#### TASK PROMPT:
Your copy should start at the line with "為讓社區(qū)文化生活錦上" and end at the line with "家庭での電力使用のピークを調" in the data below. Transcribe only those lines, exactly, pictures excluded.

#### DATASET:
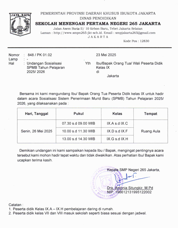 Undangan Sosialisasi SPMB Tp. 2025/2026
---
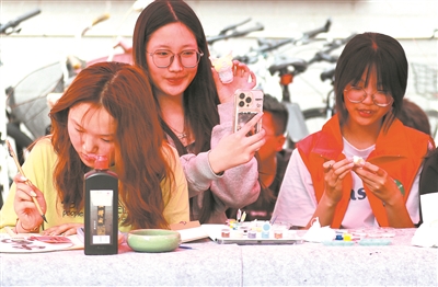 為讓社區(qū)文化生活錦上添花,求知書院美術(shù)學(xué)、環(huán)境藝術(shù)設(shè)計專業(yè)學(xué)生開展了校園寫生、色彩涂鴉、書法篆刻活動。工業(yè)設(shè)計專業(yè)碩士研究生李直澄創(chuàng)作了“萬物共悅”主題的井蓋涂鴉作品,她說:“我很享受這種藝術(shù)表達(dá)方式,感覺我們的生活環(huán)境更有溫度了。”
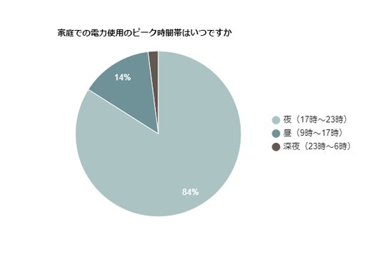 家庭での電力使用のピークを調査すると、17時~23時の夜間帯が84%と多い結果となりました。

#### ANSWER SECTION:
 為讓社區(qū)文化生活錦上添花,求知書院美術(shù)學(xué)、環(huán)境藝術(shù)設(shè)計專業(yè)學(xué)生開展了校園寫生、色彩涂鴉、書法篆刻活動。工業(yè)設(shè)計專業(yè)碩士研究生李直澄創(chuàng)作了“萬物共悅”主題的井蓋涂鴉作品,她說:“我很享受這種藝術(shù)表達(dá)方式,感覺我們的生活環(huán)境更有溫度了。”
 家庭での電力使用のピークを調査すると、17時~23時の夜間帯が84%と多い結果となりました。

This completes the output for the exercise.